• _What is being asked_: The records are to be repeated exactly, and any images in them are to be dropped.

+---+

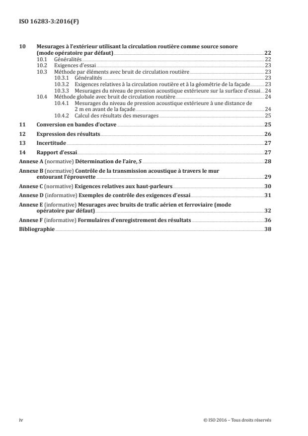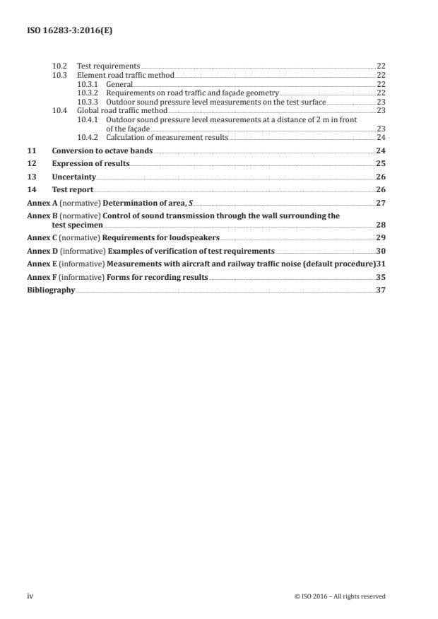 ISO 16283-3:2016는 소리 압력 측정을 이용하여 건물 파사드 요소(element methods) 및 전체 파사드(global methods)의 공기중 소리 차단력을 결정하는 절차를 명시합니다. 이 절차들은 10 m3에서 250 m3의 범위에 있는 방 내부적으로 50 Hz ~ 5,000 Hz의 주파수 범위에서 응용됩니다. 이러한 실험 결과는 가구가 있는지 여부에 관계 없이 소리가 산란되는지 여부와 관계없이 가구 미완성 또는 완성된 방의 공기중 소리 차단력을 양적, 평가 및 비교하는 데 사용될 수 있습니다. 측정된 공기중 소리 차단력은 주파수에 따라 달라지며, 이 절차는 ISO 717-1의 등급 결정 방법을 사용하여 음향 성능을 특징화하는 단일 숫자로 변환될 수 있습니다.
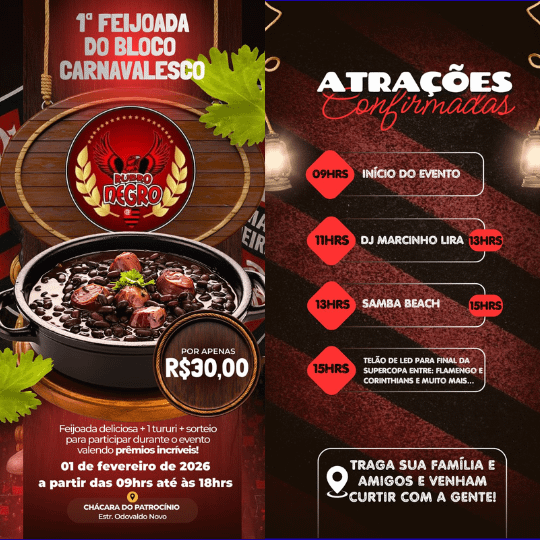 O presidente Jailson Rodrigues Assis reforça o convite para que o público leve familiares e amigos para aproveitar um dia de lazer, boa comida e entretenimento. A 1ª Feijoada do Bloco Carnavalesco Rubro-Negro marca o início das atividades carnavalescas do grupo.
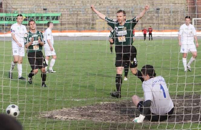 Drugie w tym sezonie derby Lubelszczyzny ponownie zakończyły się zwycięstwem Górnika Łęczna. \"Zielono-czarni” wygrali w Lublinie z Motorem 2:0. Zdjęcia: Maciej Kaczanowski.
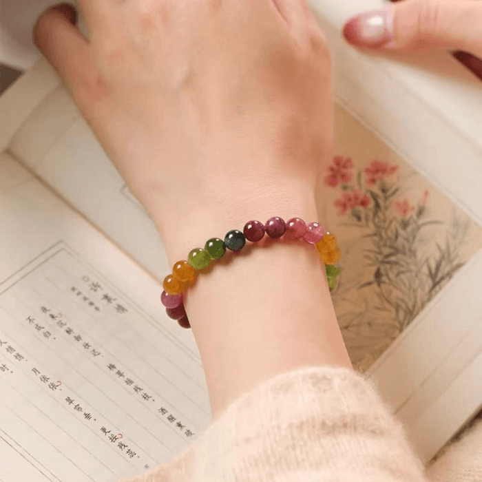 [중국 직배송] 링인 사원 축복 [취화풍] 천연 투르말린 여성용 팔찌, 재물과 행운을 불러오는 만능 팔찌, 14+1cm | Yami
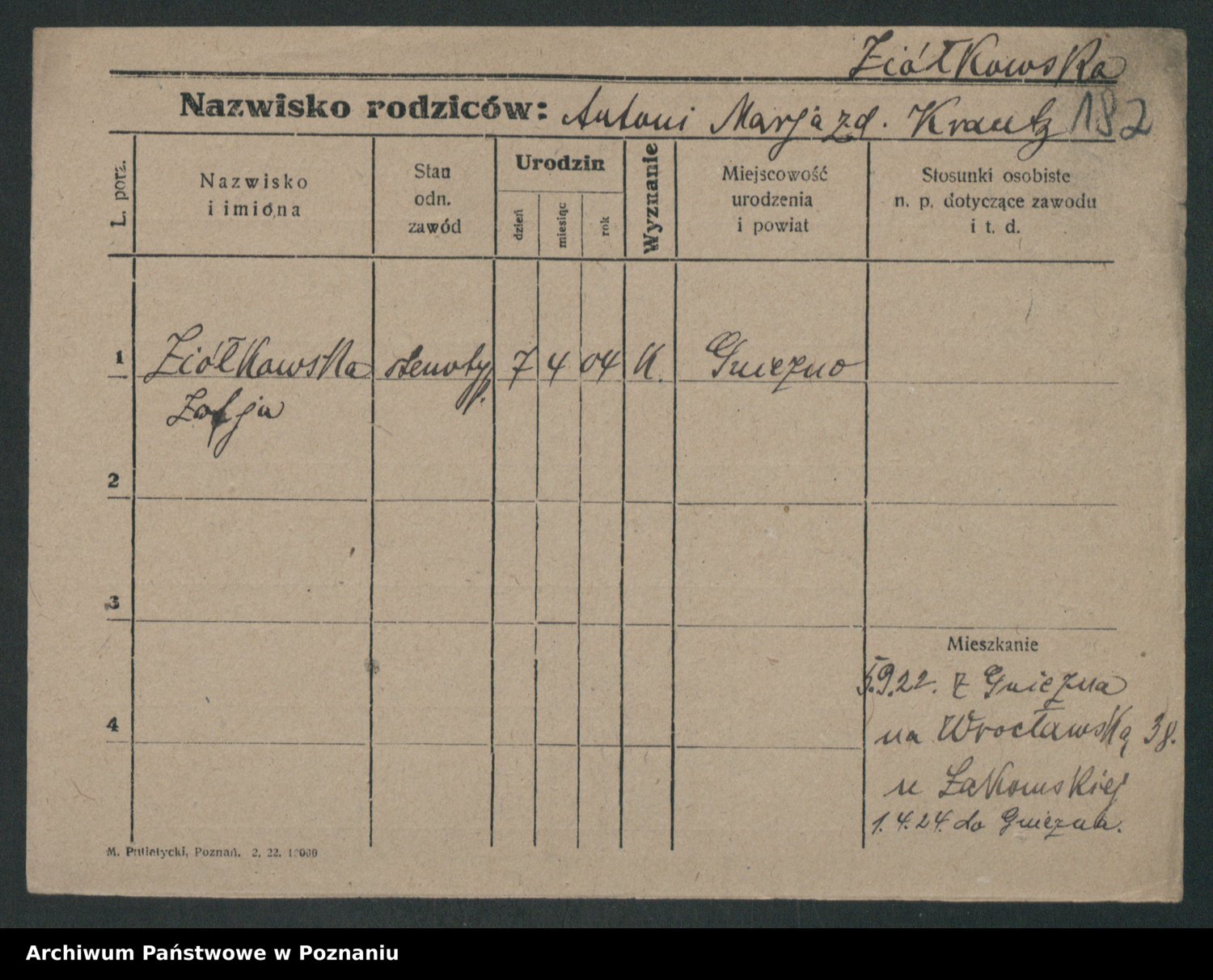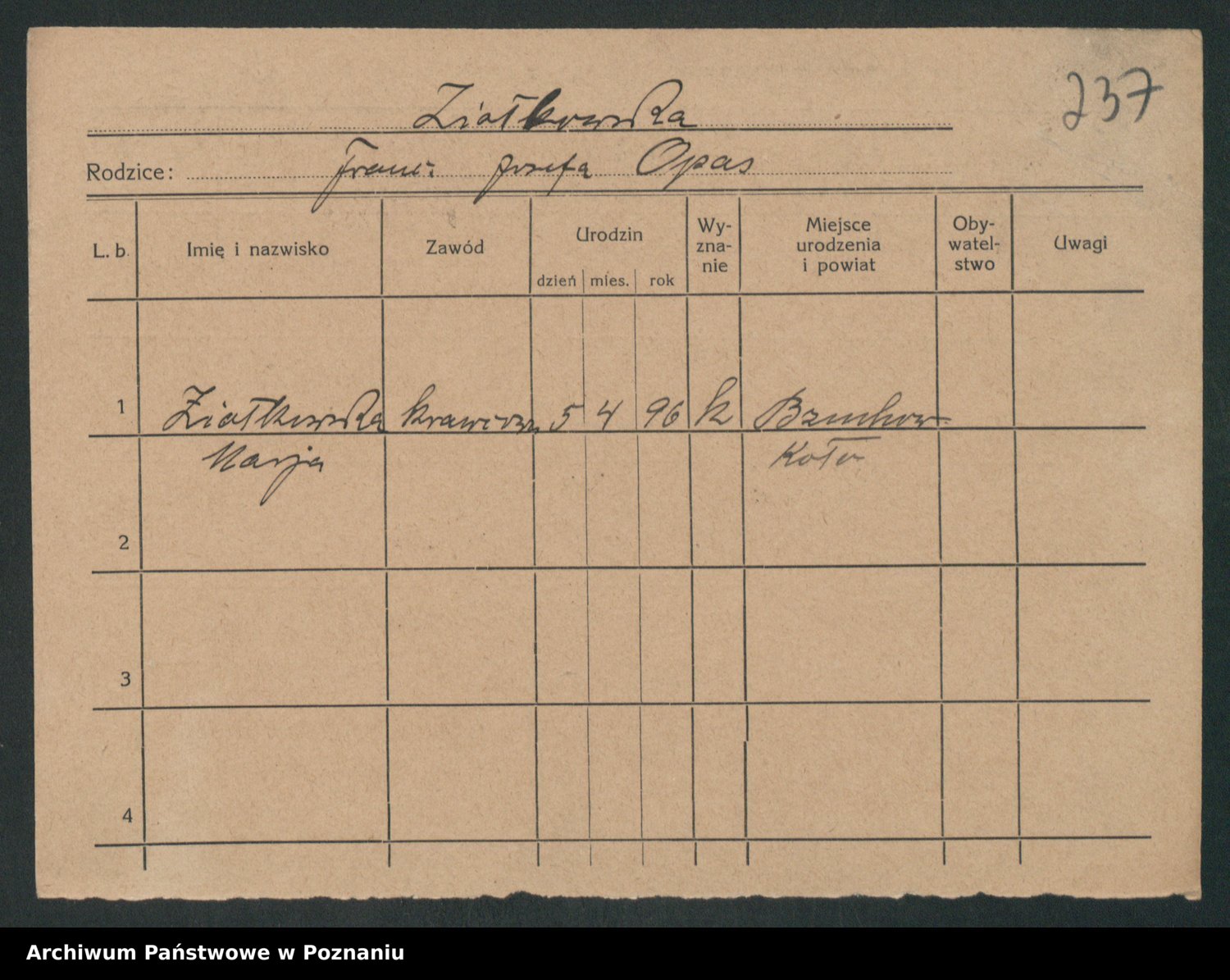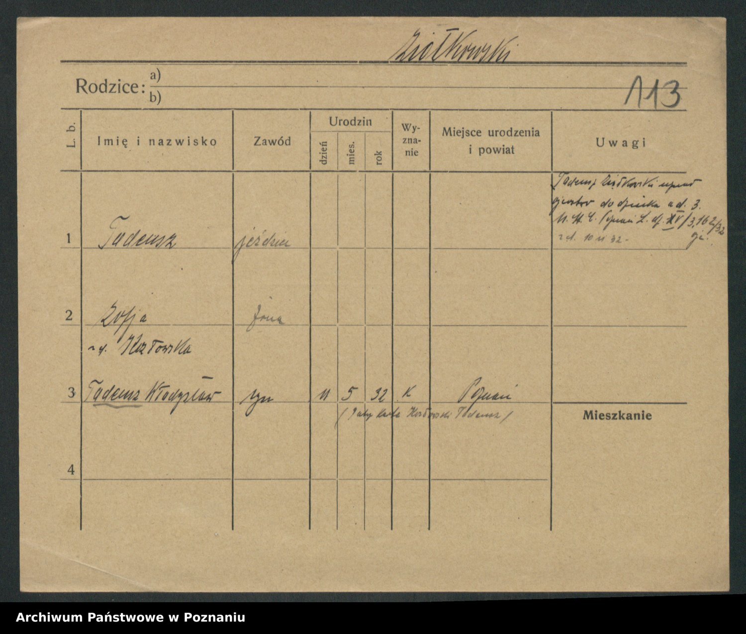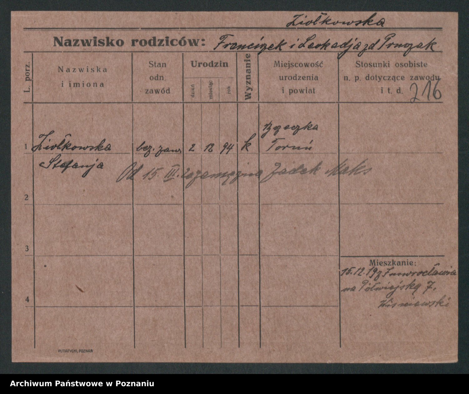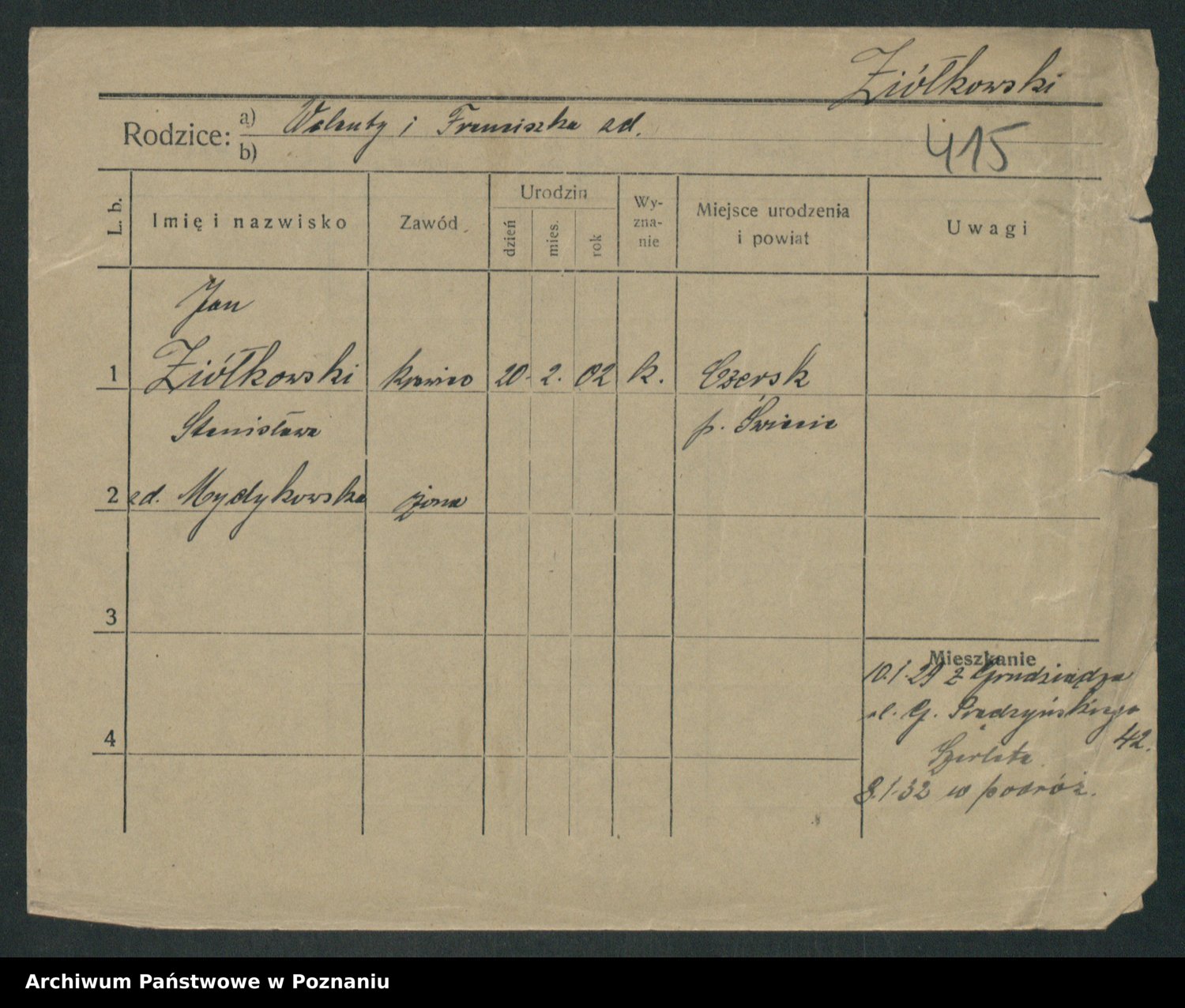 Podgląd karty osobowej dostępny jest po kliknięciu na nazwisko lub ikonkę karty. Można dokonywać powiększenia (ikony na górze) lub przechodzić między kolejnymi skanami (strzałki po bokach).

+---+

• _Expected answer_:
 ISO 16283-3:2016는 소리 압력 측정을 이용하여 건물 파사드 요소(element methods) 및 전체 파사드(global methods)의 공기중 소리 차단력을 결정하는 절차를 명시합니다. 이 절차들은 10 m3에서 250 m3의 범위에 있는 방 내부적으로 50 Hz ~ 5,000 Hz의 주파수 범위에서 응용됩니다. 이러한 실험 결과는 가구가 있는지 여부에 관계 없이 소리가 산란되는지 여부와 관계없이 가구 미완성 또는 완성된 방의 공기중 소리 차단력을 양적, 평가 및 비교하는 데 사용될 수 있습니다. 측정된 공기중 소리 차단력은 주파수에 따라 달라지며, 이 절차는 ISO 717-1의 등급 결정 방법을 사용하여 음향 성능을 특징화하는 단일 숫자로 변환될 수 있습니다.
 O presidente Jailson Rodrigues Assis reforça o convite para que o público leve familiares e amigos para aproveitar um dia de lazer, boa comida e entretenimento. A 1ª Feijoada do Bloco Carnavalesco Rubro-Negro marca o início das atividades carnavalescas do grupo.
 Drugie w tym sezonie derby Lubelszczyzny ponownie zakończyły się zwycięstwem Górnika Łęczna. \"Zielono-czarni” wygrali w Lublinie z Motorem 2:0. Zdjęcia: Maciej Kaczanowski.
 [중국 직배송] 링인 사원 축복 [취화풍] 천연 투르말린 여성용 팔찌, 재물과 행운을 불러오는 만능 팔찌, 14+1cm | Yami
 Podgląd karty osobowej dostępny jest po kliknięciu na nazwisko lub ikonkę karty. Można dokonywać powiększenia (ikony na górze) lub przechodzić między kolejnymi skanami (strzałki po bokach).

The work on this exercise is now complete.